◆ **Your assignment**:
The copy you return should hold only the lines from the top of the data below through the line with "Im Zustiegscouloir ist", each duplicated exactly and with no pictures.

━━ Supplied data

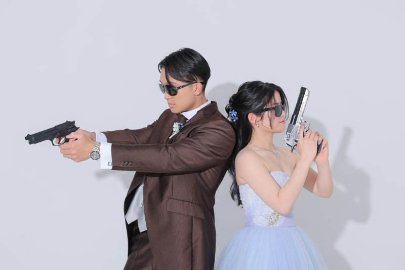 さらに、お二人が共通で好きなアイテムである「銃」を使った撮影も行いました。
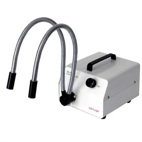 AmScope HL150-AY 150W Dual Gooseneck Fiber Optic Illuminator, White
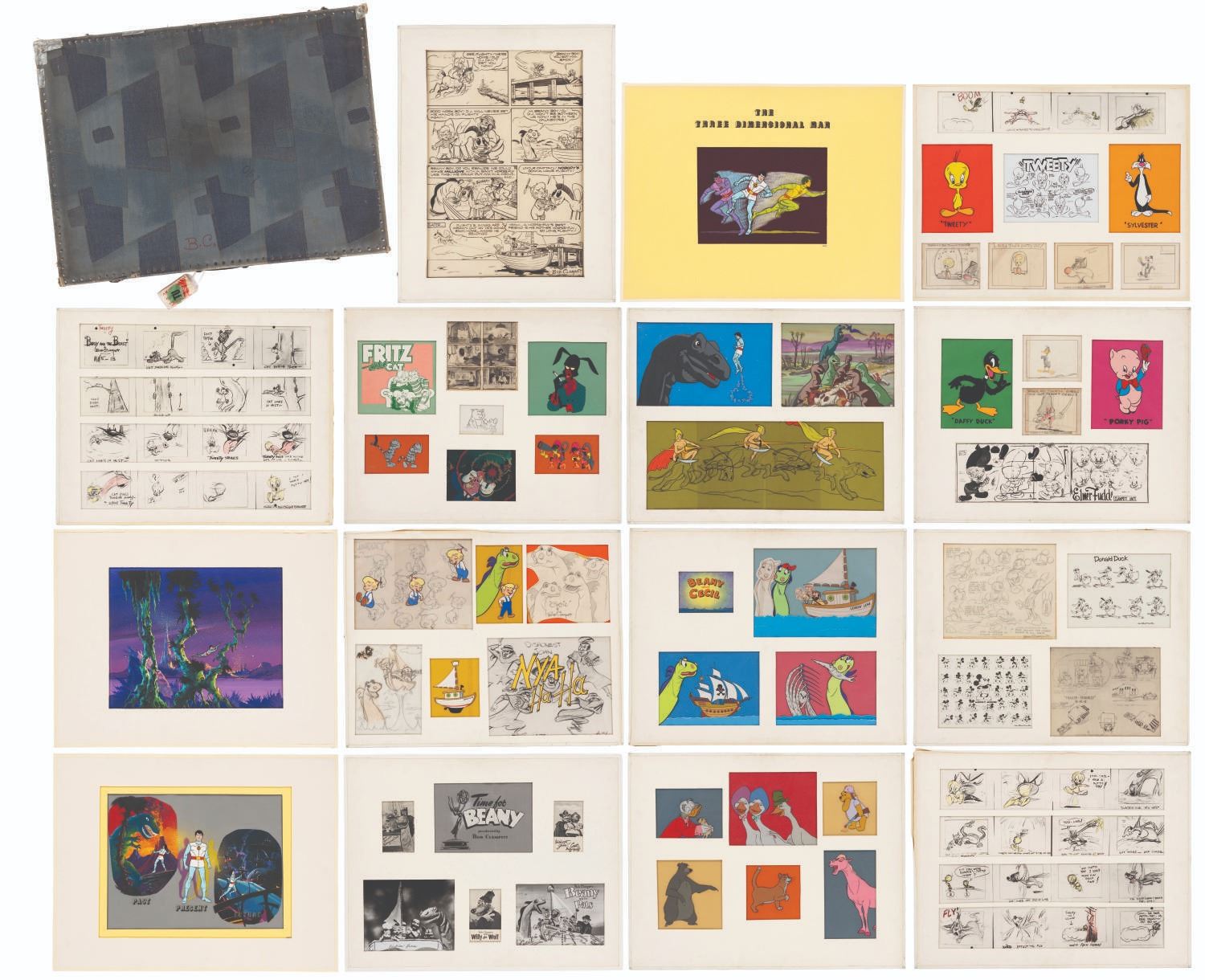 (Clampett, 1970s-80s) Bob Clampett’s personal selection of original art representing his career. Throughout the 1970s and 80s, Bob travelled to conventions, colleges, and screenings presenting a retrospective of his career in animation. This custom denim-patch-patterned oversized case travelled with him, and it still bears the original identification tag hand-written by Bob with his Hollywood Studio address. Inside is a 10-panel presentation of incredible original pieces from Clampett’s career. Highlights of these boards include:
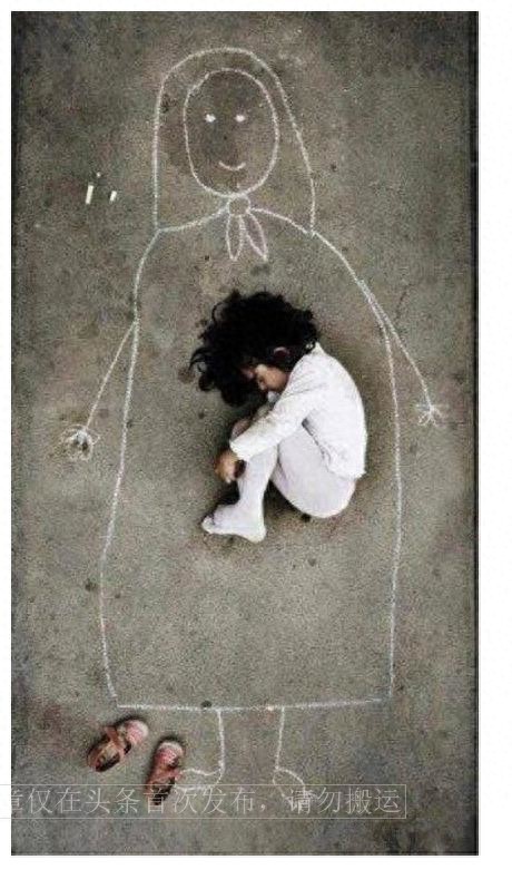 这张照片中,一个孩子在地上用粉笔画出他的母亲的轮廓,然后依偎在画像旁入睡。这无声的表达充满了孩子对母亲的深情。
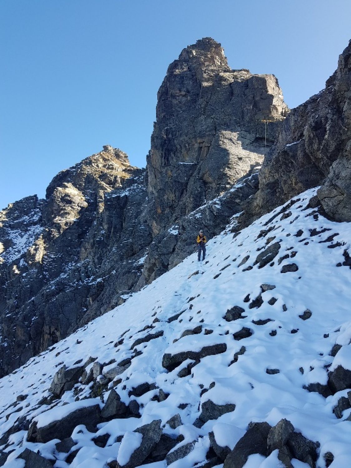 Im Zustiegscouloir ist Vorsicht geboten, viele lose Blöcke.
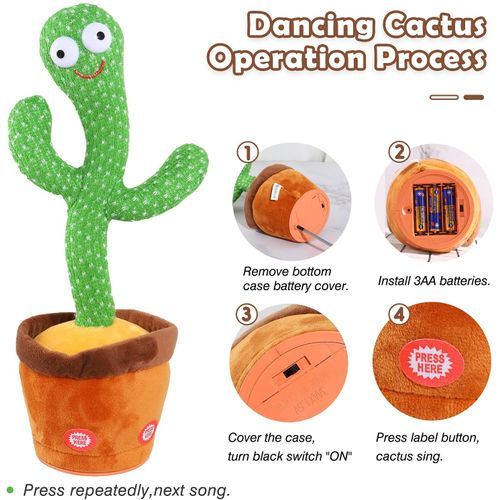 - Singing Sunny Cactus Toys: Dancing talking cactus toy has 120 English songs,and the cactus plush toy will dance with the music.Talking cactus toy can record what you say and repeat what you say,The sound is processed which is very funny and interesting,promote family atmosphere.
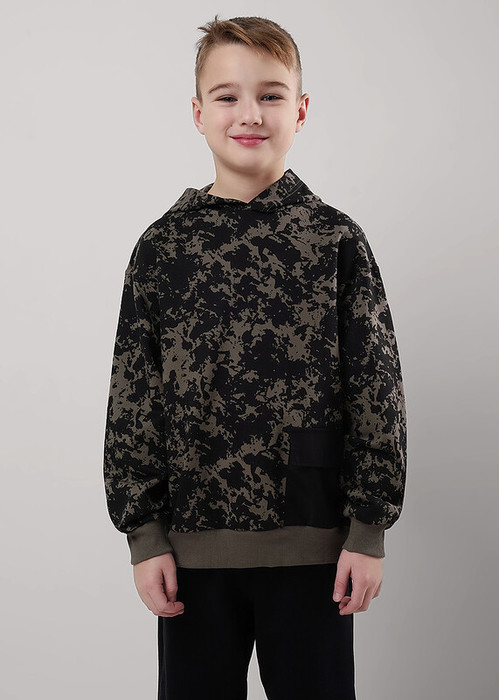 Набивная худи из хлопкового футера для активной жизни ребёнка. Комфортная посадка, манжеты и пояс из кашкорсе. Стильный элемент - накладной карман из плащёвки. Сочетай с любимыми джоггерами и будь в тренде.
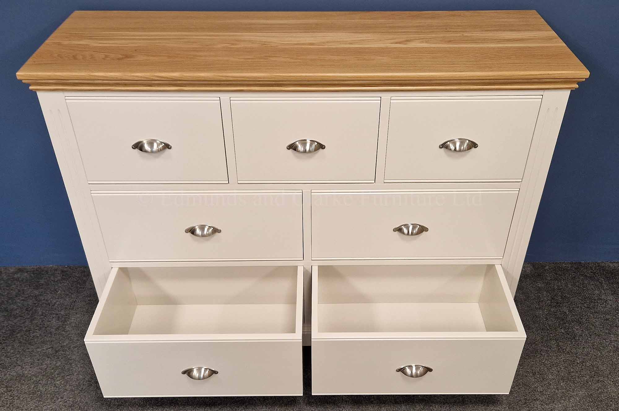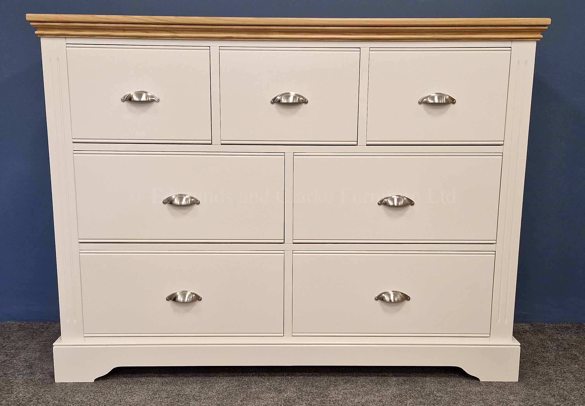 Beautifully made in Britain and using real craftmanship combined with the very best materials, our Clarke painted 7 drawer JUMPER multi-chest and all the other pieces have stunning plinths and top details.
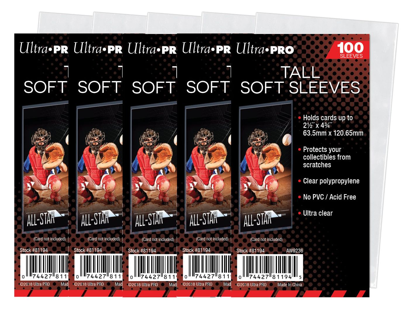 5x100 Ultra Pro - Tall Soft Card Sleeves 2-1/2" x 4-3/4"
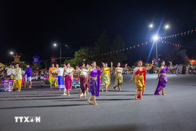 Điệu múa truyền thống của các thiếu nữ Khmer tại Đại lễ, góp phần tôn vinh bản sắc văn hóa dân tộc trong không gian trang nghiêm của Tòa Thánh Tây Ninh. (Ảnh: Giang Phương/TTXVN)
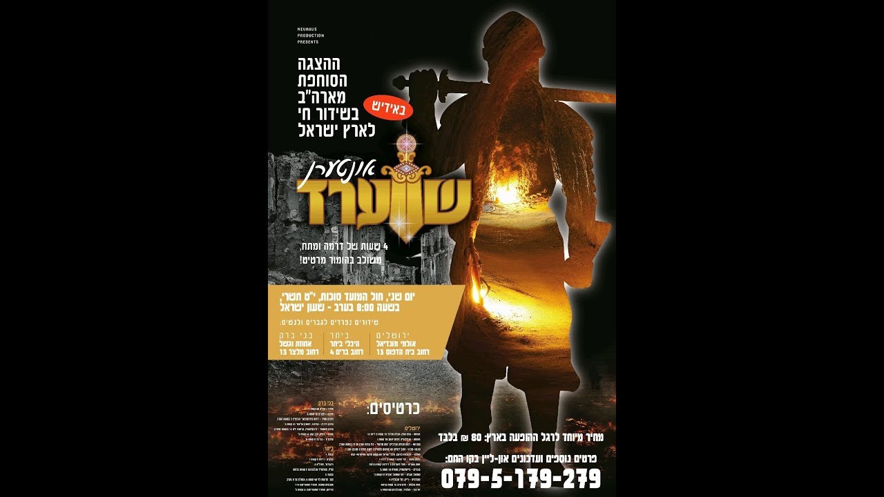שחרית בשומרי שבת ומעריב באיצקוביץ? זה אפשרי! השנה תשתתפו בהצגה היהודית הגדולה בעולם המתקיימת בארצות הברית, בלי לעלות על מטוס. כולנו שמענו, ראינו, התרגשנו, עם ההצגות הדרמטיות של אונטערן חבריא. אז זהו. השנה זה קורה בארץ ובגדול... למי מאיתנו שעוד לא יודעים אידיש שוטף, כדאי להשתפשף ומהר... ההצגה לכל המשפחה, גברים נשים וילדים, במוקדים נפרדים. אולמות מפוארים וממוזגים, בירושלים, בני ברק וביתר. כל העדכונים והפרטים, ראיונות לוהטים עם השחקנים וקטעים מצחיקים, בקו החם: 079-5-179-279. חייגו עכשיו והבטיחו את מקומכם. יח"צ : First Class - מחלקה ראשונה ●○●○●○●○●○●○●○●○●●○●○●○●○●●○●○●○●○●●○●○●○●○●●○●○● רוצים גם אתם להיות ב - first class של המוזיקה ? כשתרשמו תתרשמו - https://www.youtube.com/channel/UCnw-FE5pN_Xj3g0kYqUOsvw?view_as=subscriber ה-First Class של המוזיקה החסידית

━━━━

◆ **Solution to the problem**:
 さらに、お二人が共通で好きなアイテムである「銃」を使った撮影も行いました。
 AmScope HL150-AY 150W Dual Gooseneck Fiber Optic Illuminator, White
 (Clampett, 1970s-80s) Bob Clampett’s personal selection of original art representing his career. Throughout the 1970s and 80s, Bob travelled to conventions, colleges, and screenings presenting a retrospective of his career in animation. This custom denim-patch-patterned oversized case travelled with him, and it still bears the original identification tag hand-written by Bob with his Hollywood Studio address. Inside is a 10-panel presentation of incredible original pieces from Clampett’s career. Highlights of these boards include:
 这张照片中,一个孩子在地上用粉笔画出他的母亲的轮廓,然后依偎在画像旁入睡。这无声的表达充满了孩子对母亲的深情。
 Im Zustiegscouloir ist Vorsicht geboten, viele lose Blöcke.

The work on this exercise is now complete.